The principle of induction is a technique used to prove the relationship between a smaller subset
The following three statements are equivalent.
standard induction
Suppose \(S \subset \mathbb{N}\), which is non-empty. If \(S\) is a non-empty subset such that \(0 \in S\), and for all \(n \in \mathbb{N}\), \(n \in S \implies n+1 \in S\). Then, \(S = \mathbb{N}\).
strong induction
Suppose \(S \subset \mathbb{N}\), which is non-empty.
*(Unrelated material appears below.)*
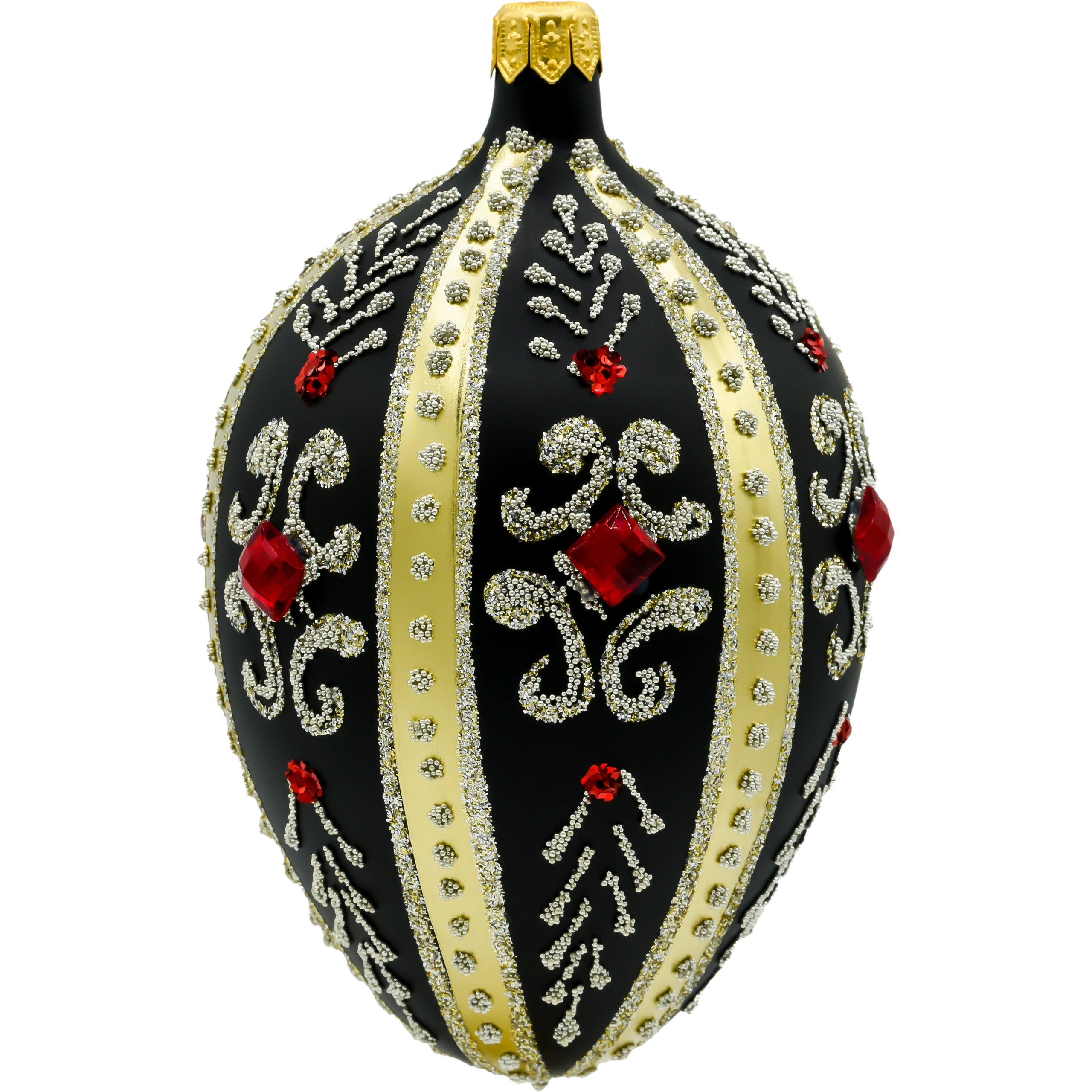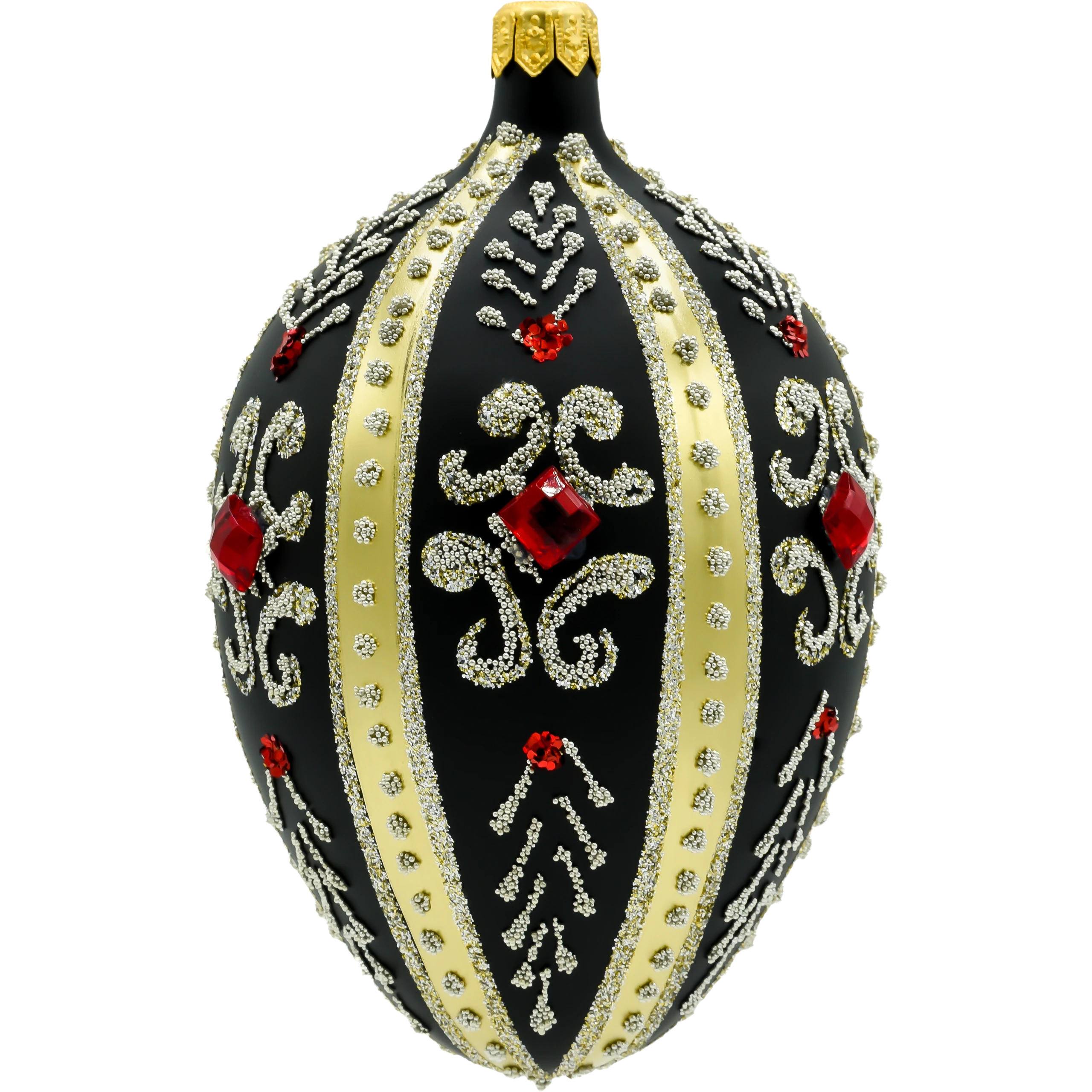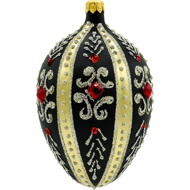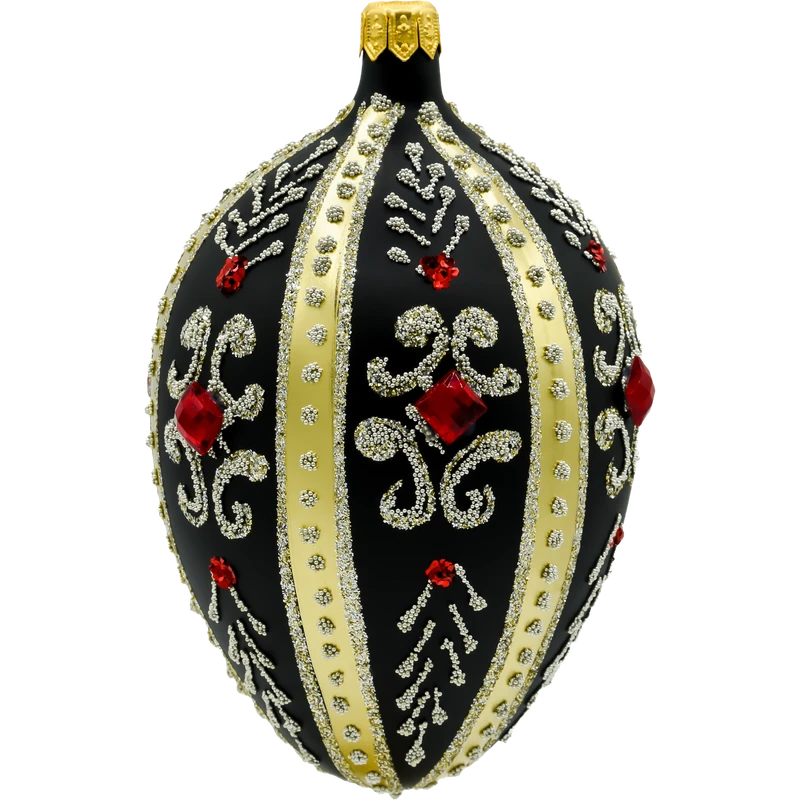 Wprowadź do swojej świątecznej kolekcji odrobinę carskiego splendoru dzięki tej wyjątkowej bombce w kształcie jaja Fabergé. Wykonane ze szkła i ręcznie zdobione z niezwykłą precyzją, czarne szklane jajo zachwyca elegancją i dbałością o detale. Jego matowa, głęboka czerń stanowi doskonałe tło dla złotych pasów, bogatych ornamentów oraz finezyjnych wzorów ułożonych z mikroszklanych koralików i srebrzystego brokatu. Całość dopełniają rubinowoczerwone kryształki, które przyciągają wzrok i subtelnie odbijają światło choinkowych lampek.

If \(S\) is a non-empty subset such that \(0 \in S\), and for all \(n \in \mathbb{N}\), \(\{0, \dots, n\} \in S \implies n+1 \in S\). Then, \(S = \mathbb{N}\).
well-ordering principle
If \(S \subset \mathbb{N}\) is non empty, then it has a smallest element
PROOF:
assume well-ordering principle, prove standard induction
Given \(S \in \mathbb{N}\), such that \(0 \in S\), whenever \(n \in S\), then \(n+1\) is also in \(S\). We desire that that \(S\) is the natural numbers.
Assume for the sake of contradiction \(S \neq \mathbb{N}\). Define \(T = \mathbb{N} \setminus S\).
Assume \(T\) is non-empty. The WOP tells us that \(T\) has a smallest element \(t \in T\). We know that \(t \neq 0\), because \(0 \in S\). Therefore, \(t-1 \in \mathbb{N}\). But, \(t-1 < t\), which means that \(t-1 \in S\). But by the statement of the givens, \((t-1) \in S \implies (t-1)+1 = t \in S\). Reaching contradiction. \(\blacksquare\)
assuming strong induction, proof well-ordering principle
Assume \(S\) has no smallest element. Create some \(T = \mathbb{N} \setminus S\). Now, \(0 \in T\) because otherwise \(0 \in S\) would be the smallest element. Now, consider \(0, 1, … n \in T\), we notice that \(n+1\) must be in \(T\) as well. By strong induction, we have that \(T = \mathbb{N}\) and \(S\) is empty.